Le due ore e mezzo – una durata davvero spropositata, potrebbe essere il più lungo episodio di sempre per una serie tv – gestiscono agevolmente il ritmo di una narrazione che riesce a concedersi ampi momenti di respiro. Parte dell’equivoco nei primi episodi della serie consisteva nel familiarizzare con uno show a cui, per dircela tutta, la mitologia non interessava poi così tanto. Sì, le organizzazioni, gli esperimenti, tutte cose che servono a mandare avanti la trama, ma Sense8 è rimasta la storia di otto persone che riescono ad affrontare i loro problemi facendo parte di un gruppo. Soprattutto, una vicenda che non si è mai presa così tanto sul serio, ma che proprio per questo è stata capace di farci abbracciare la gioia del racconto e l’umanità contagiosa dei suoi protagonisti.

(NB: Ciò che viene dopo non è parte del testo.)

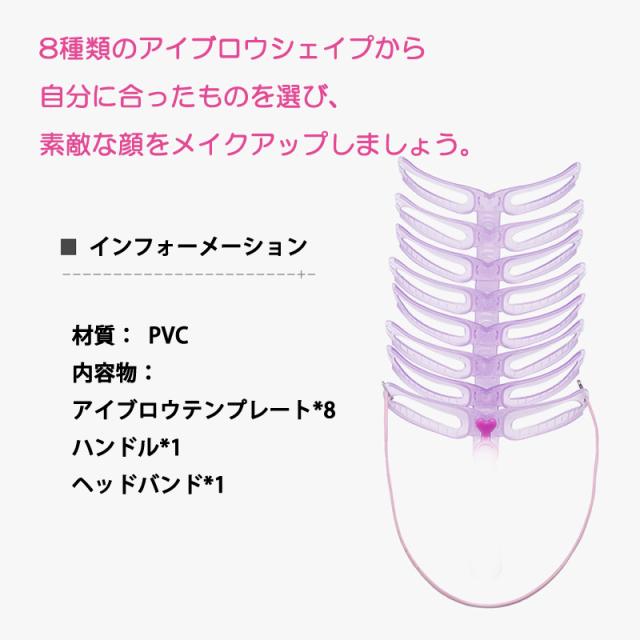 眉毛テンプレート 8本入 ゴムヘッドバンド付き 眉毛メイク アイブロウテンプレート シェイプ グッズ 型 見本 枠 美人眉 モテ眉 開運 左右対称 ポイント消化

Questo ritorna in Amor Vincit Omnia (un titolo, riferimento all’Eneide, che è un manifesto dello show). Ci sono, inutile negarlo, forzature e conflitti banalizzati o risolti con un colpo di spugna. Avremo, nei primi minuti e ancora negli ultimi, la sensazione palese di una storia che tira le fila del discorso, con chiarimenti e risoluzioni velocissimi, tra un perdono e un abbraccio. Ma tutto viene accompagnato da uno sguardo sincero, da caratterizzazioni che si adagiano su un senso di condivisione e di pura gioia di vivere così universale da spazzare via ogni conflitto. Emblematici sono gli ultimi minuti della puntata, che contengono un’affermazione euforica e carnale, senza barriere o limiti, anche se grossolana e caotica come spesso la serie è stata in passato. Di meglio, sinceramente, non si poteva chiedere.